Jeśli chodzi o ubrania, tutaj sprawa jest mniej brutalna, dlatego, że do produkcji używa się roślin. Oczywiście, jeśli kupujecie ubrania z naturalnych tworzyw, bo zdarza się, że koszulki są z plastiku - ale tutaj akurat muszę wspomnieć o tym, że duża część z tych "plastikowych" koszulek jest tworzona z zakrętek od butelek - dlatego tak ważna jest segregacja śmieci. 
Pisząc to, zastanawiam się sama, w co jestem ubrana :D ale spokojnie, na ubrania, które mam na sobie, nie ucierpiało żadne zwierzę. 
Pragnę tutaj również wspomnieć o pewnym incydencie, którym miał miejsce bodajże w Stanach, nie jestem pewna. Otóż, dwóch chłopców, bo facetami, nie daj Bóg mężczyznami w życiu być ich nie nazwała, obcięli żywemu psu uszy i wyrzucili zdjęcia z "trofeum" do Internetu. Co z tego, że takie zachowania są karalne, skoro ten pies, o ile jeszcze będzie żył, nie zaufa już nikomu? Pomyślcie sobie, zwierzę człowiekowi NIGDY nie zrobi krzywdy dla zabawy, tylko w obronie własnej albo rodziny. Tak, są przypadki, kiedy zwierzę zabija człowieka a pozniej go zjada, ale czy nie robi tego, żeby przetrwać? Ono też jest głodne i w potrzebie. 

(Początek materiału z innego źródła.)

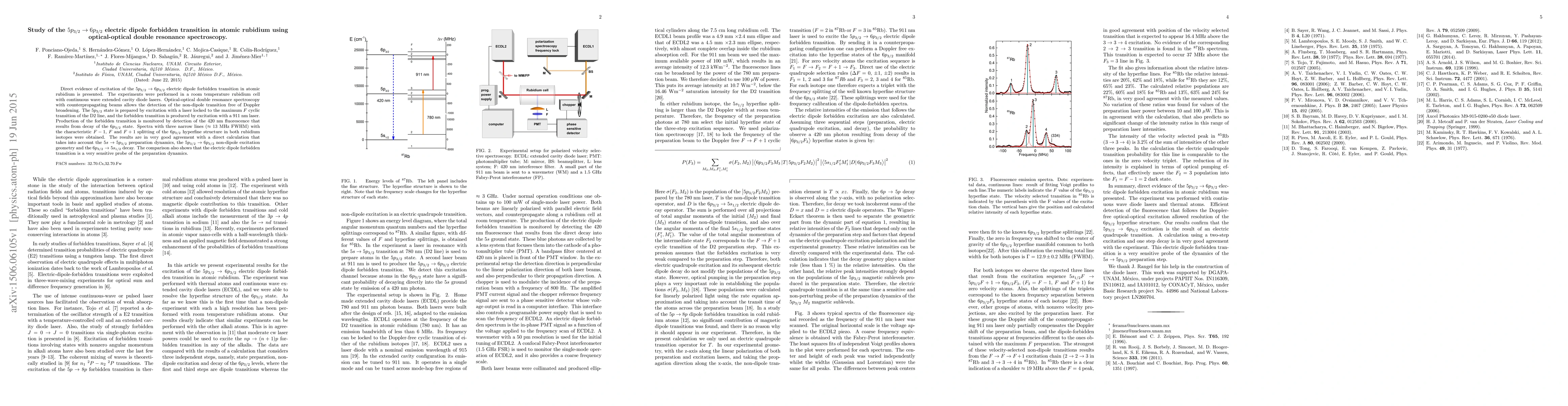 Direct evidence of excitation of the 5p3/2 -> 6p3/2 electric dipole forbidden transition in atomic rubidium is presented. The experiments were performed in a room temperature rubidium cell with continuous wave extended cavity diode lasers. Optical-optical double resonance spectroscopy with counterpropagating beams allows the detection of the non-dipole transition free of Doppler broadening. The 5p3/2 state is prepared by excitation with a laser locked to the maximum F cyclic transition of the D2 line, and the forbidden transition is produced by excitation with a 911 nm laser. Production of the forbidden transition is monitored by detection of the 420 nm fluorescence that results from decay of the 6p3/2 state. Spectra with three narrow lines (~ 13 MHz FWHM) with the characteristic F - 1, F and F + 1 splitting of the 6p3/2 hyperfine structure in both rubidium isotopes were obtained. The results are in very good agreement with a direct calculation that takes into account the 5s -> 5p3/2 preparation dynamics, the 5p3/2 -> 6p3/2 non-dipole excitation geometry and the 6p3/2 -> 5s1/2 decay. The comparison also shows that the electric dipole forbidden transition is a very sensitive probe of the preparation dynamics.

Nie wiem czy cokolwiek z tego co napisałam jest składne, ale jeśli dotrze to do chociaż jednej osoby i zmieni to jej postępowanie, to już będzie sukces. Bo nie zmienię całego świata, ale mogę sprawić, że Świat będzie żył chociaż 1 dzień dłużej przez zmianę 1 osoby. 




To była wypowiedź, której spisanie zajęło mi ponad 1,5 miesiąca. Dużo się zmieniło w tym czasie, ale bardzo emocjonalnie podeszłam do tego i czasem musiałam odpocząć.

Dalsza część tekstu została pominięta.